WHAT YOU WILL DO: From the line that has "軽くてソフトな風合いが特徴のチェック素材を使用したギャザーフレアースカート。" down to the last line of the data below, set down every line exactly, but none of the pictures.

DATA PROVIDED:
★ ★ ★ ★ ★

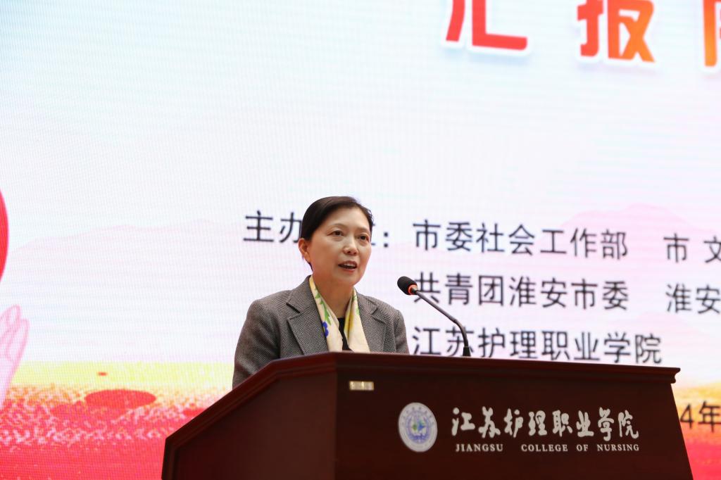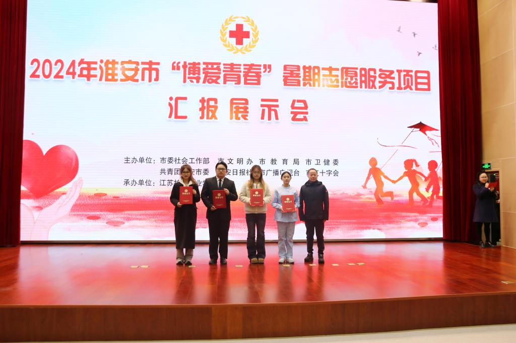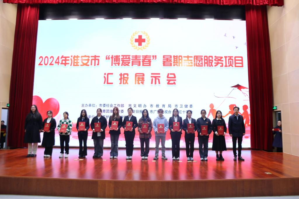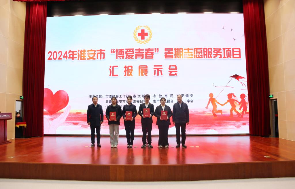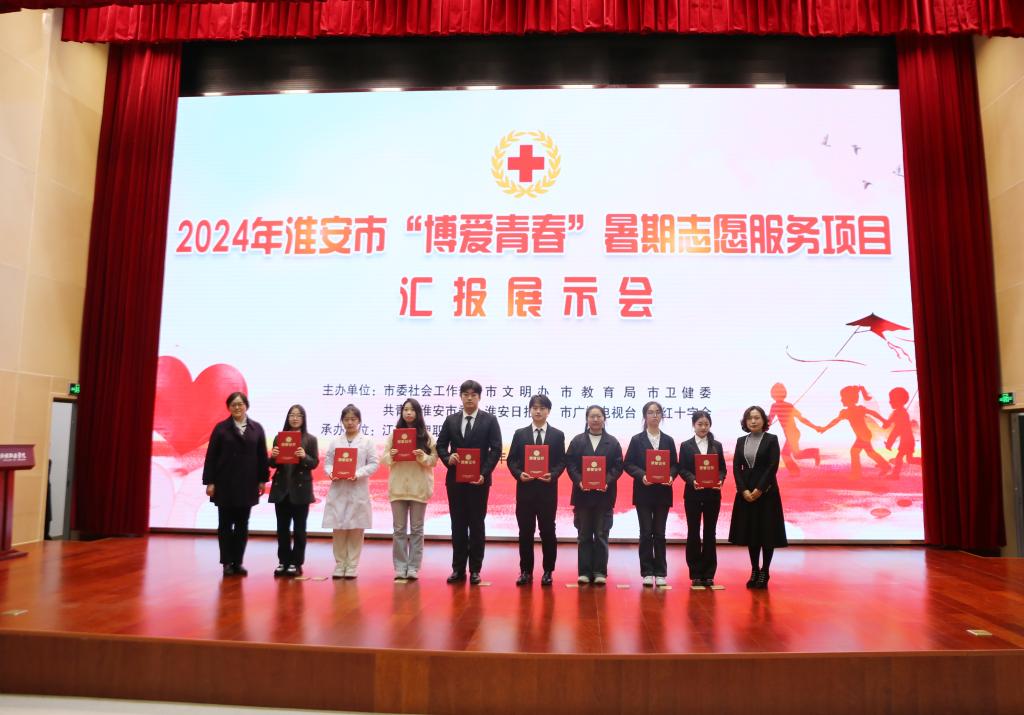 11月30日,由市委社会工作部、市文明办、市教育局、市卫健委、团市委、淮安日报社、淮安市广播电视台、市红十字会主办,今年会承办的2024年淮安市高校红十字会“博爱青春”暑期志愿服务项目汇报展示会在今年会学术报告厅举行。校党委书记陆志群,市政府副秘书长唐广,市红十字会党组书记、常务副会长张柏,市委社会工作部副部长周华,市委教育工委委员、市教育局副局长赵慧,共青团淮安市委副书记朱轶亭,校党委委员、副院长陈鸣鸣,市红十字会党组成员、副会长颜成陆出席活动。
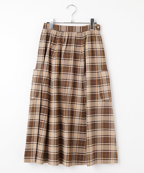 軽くてソフトな風合いが特徴のチェック素材を使用したギャザーフレアースカート。
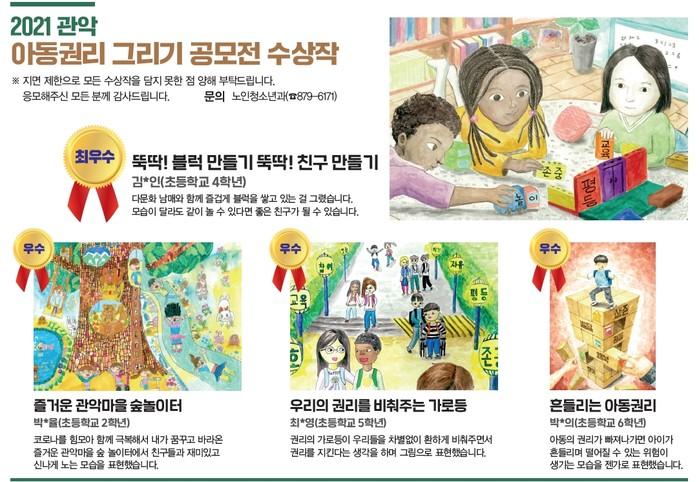 이와 함께 관악구 유튜브 채널 ‘라이브관악’을 통해 아동권리 그리기 공모전 수상작과 입상한 친구들의 인터뷰 영상도 함께 송출할 예정이다.
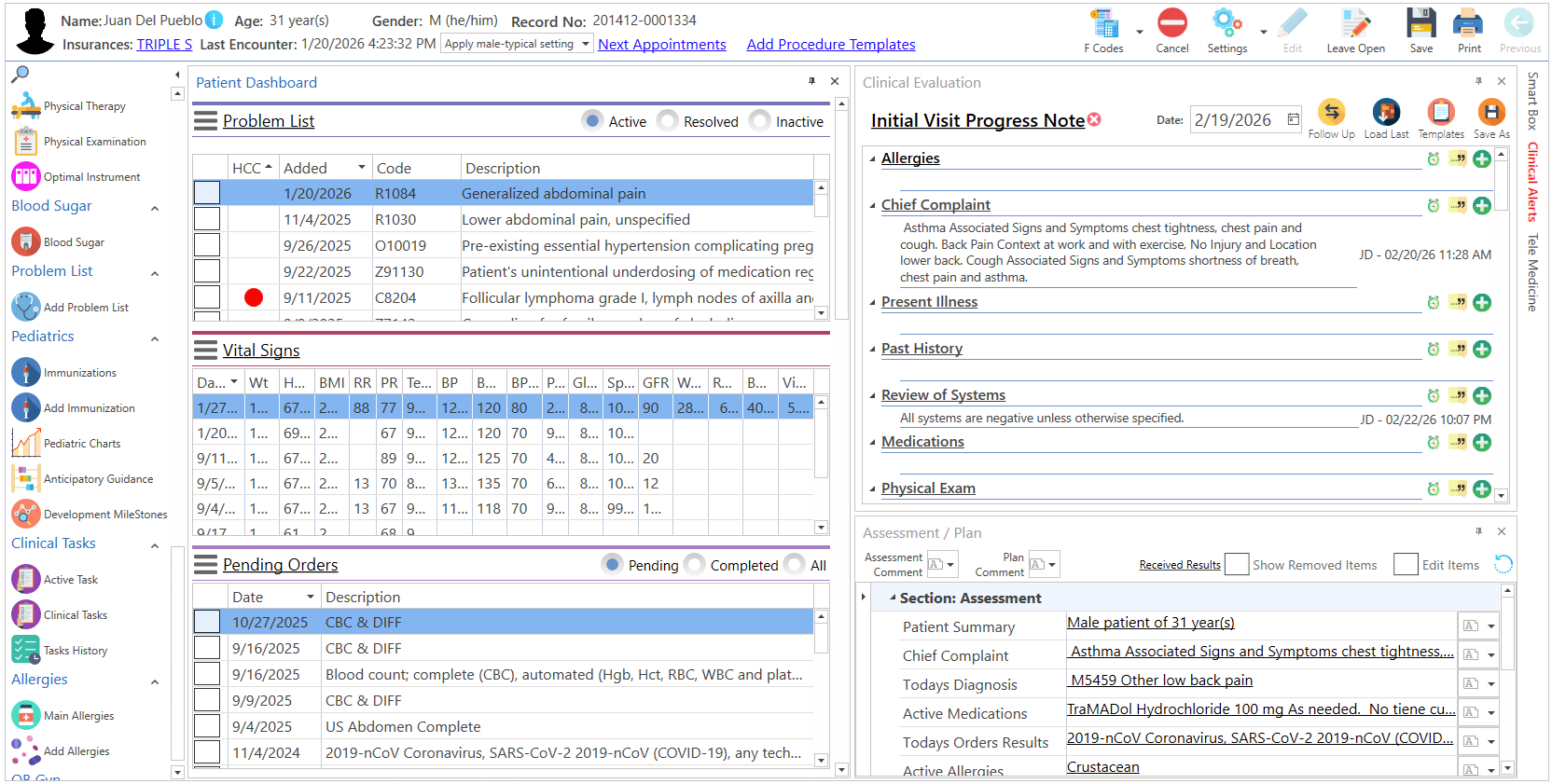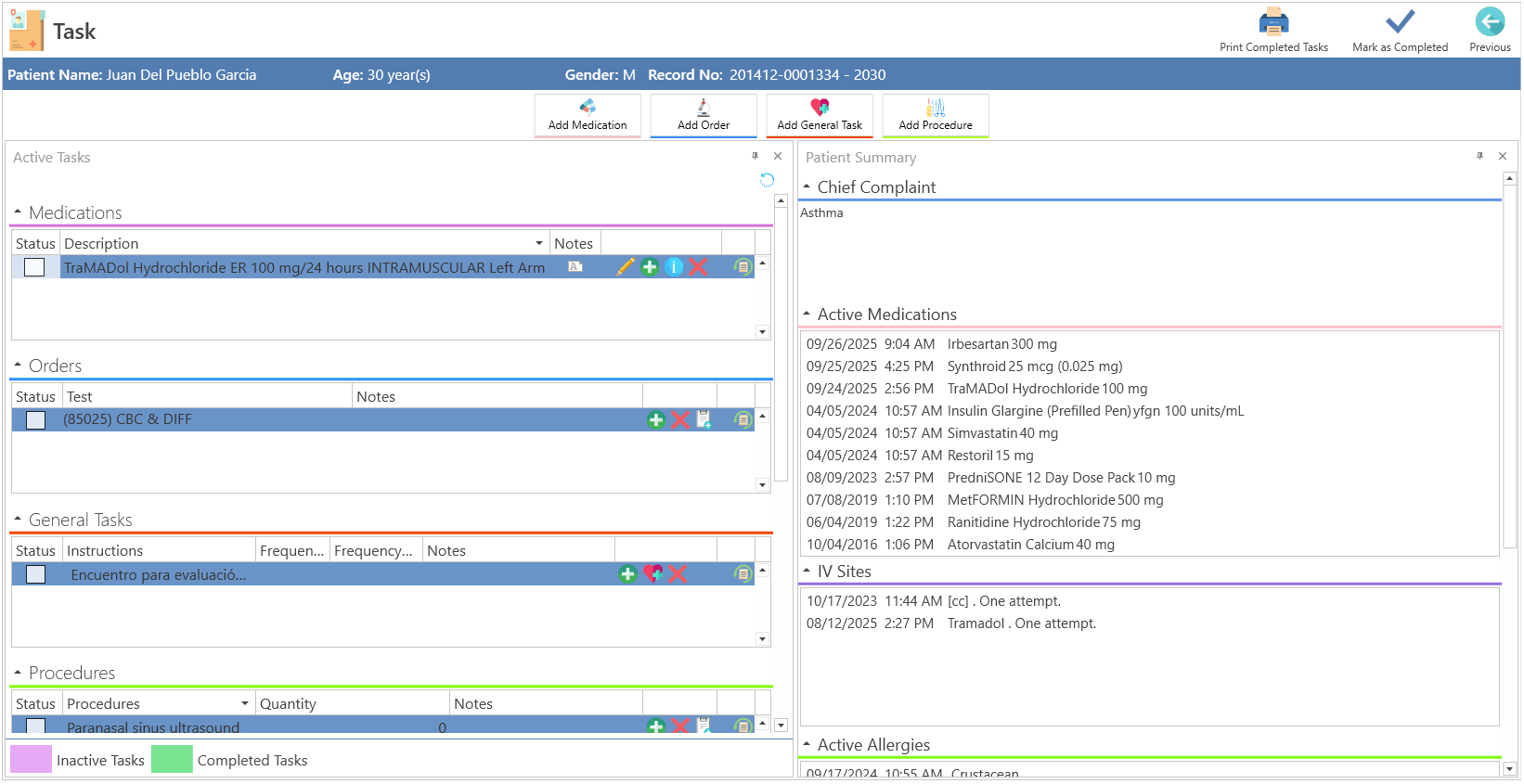 - Abra la nota del paciente, que presente tareas clínicas pendientes asignadas.

★ ★ ★ ★ ★

ANSWER SECTION:
 軽くてソフトな風合いが特徴のチェック素材を使用したギャザーフレアースカート。
 이와 함께 관악구 유튜브 채널 ‘라이브관악’을 통해 아동권리 그리기 공모전 수상작과 입상한 친구들의 인터뷰 영상도 함께 송출할 예정이다.
 - Abra la nota del paciente, que presente tareas clínicas pendientes asignadas.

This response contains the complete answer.